Fig. 5. Spectratype analysis for TCRα diversity of input and donor TCRβ Tg⁺ Treg cells from individual IL-2Rβ^-/- recipient mice

At the indicated time post-transfer, TCRβ Tg⁺ Treg cells were purified from individual C57BL/6 IL-2Rβ^-/- recipients. (A) Representative Vα spectratype analysis for CDR3 was performed for the indicated Vα subfamily and Cα gene segment for input and donor-derived Treg cells. Spectratype analysis for CDR3 size distribution of Vβ8.2 is shown to illustrate the expression of the TCRβ Tg by these populations of purified Treg cells. The D-score is shown to the right of each spectratype profile. (B) D-scores for Vα spectratype distribution profiles for all mice (n=4-6 mice/group). Data for the averaged D-scores were compared by 1-way ANOVA. (C) The averaged D-score for the recipients that received TCRβ Tg+ Treg cells were plotted against the health scores as assigned in Fig. 4F. Data were compared by unpaired one-tailed t-test.
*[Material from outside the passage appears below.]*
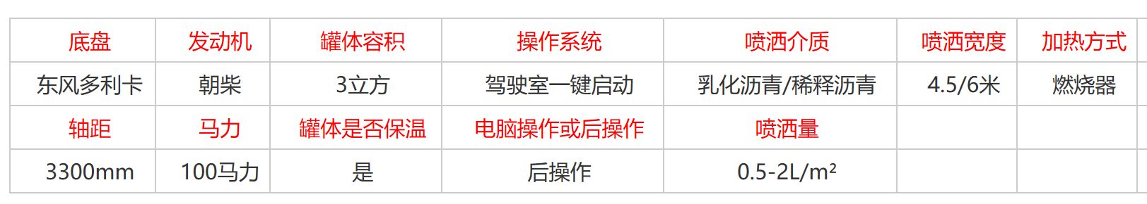 東風(fēng)雙排座3噸瀝青灑布車配置: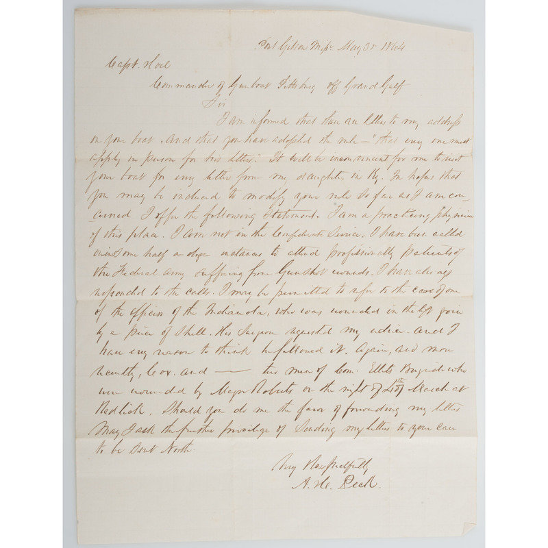 The letters in the archive primarily span 1863-1865 and are written to Captain Hoel. While the correspondence does not include details of Hoel's most intrepid military actions, it does paint a fascinating picture of his role as a military commander in Southern territory. Letters in the collection indicate that Hoel had responsibility for distributing mail across North/South lines and through Union-held Southern territory. Many correspondents are southerners asking for his assistance. Writing on May 31, 1864, to "Capt. Hoel / Commander of Gunboat Pittsburg off Grand Gulf," one doctor implores the commander to modify his rule "that any one must apply in person for his letter.... I am not in the Confederate Service," the doctor continues, "I have been called on in some half a dozen instances to attend professionally patients of the Federal Army suffering from gunshot wounds. I have always responded to the calls." Among other inquiries, Hoel is called upon to assist a POW, to allow bodies to be retrieved under a flag of truce, and to help civilians in personal matters.

Fig. 6. Vα2 CDR3 sequence diversity and similarity from donor TCRβ Tg⁺ Treg cells pre- and post-transfer into IL-2Rβ^-/- recipient mice

CDR3 sequences for Vα2 TCR subfamilies were determined for Treg cells for recipients analyzed in Fig. 4 and 5. The input pre-transferred Treg cells were typically pooled from 4-6 mice to acquire sufficient cells to inject all neonatal IL-2Rβ^-/- mice from a litter. The indicated pre- and hence post-transferred TCRβ Tg⁺ Treg cells are on the TCRα^+/- genetic background to minimize sequences from Treg cell that expressed two TCR α-chains. Treg cells from the other recipients are on the TCRα^+/+ genetic background. (A) Sequence accumulation of pre- and post-transferred Treg cells where recipients from an individual litter are grouped. (B) The number of sequences within individual samples of pre-transferred Treg cells or isolated from individual recipients was calculated by ACE and compared by 1-way ANOVA. A similar ACE calculation was made after grouping together (pooled) the entire set of sequences from the same litter of recipients as these mice received the same pre-transferred Treg cell inoculum. The two pooled samples at post/100,000 represent individuals 1-4 and 5-6. (C) ACE values for the Treg cells from individual recipients were plotted against the health scores as assigned in Fig. 4F. Data for the ACE values were compared by unpaired one-tailed t-test. (D) The similarity of CDR3 sequences of the pre-transferred Treg cells was compared to all post-transferred cells by calculation of Morisita-Horn similarity values and represented by a heat map. Input sequences were compared to sequences from individual recipients or as pooled groups based on receiving the same donor inoculums.

Fig. 7. Frequency of Vα2 CDR3 sequences associated with pre- and post-transferred TCRβ Tg⁺ Treg cells

(A) All unique sequences in the Vα2 data set expressed at a frequency ≥4% in any pre-transferred sample (input) or any individual recipient post-transferred (output) were identified. The prevalence of these sequences were compared to each other and represented as a heat map. (B) The frequency distribution of the two most prevalent sequences in the pre-transferred Treg cells in relationship to matched output post-transferred Treg cells. (C) Frequency of the 3 most prevalent sequences within individual samples of pre- and post-transferred Treg cells.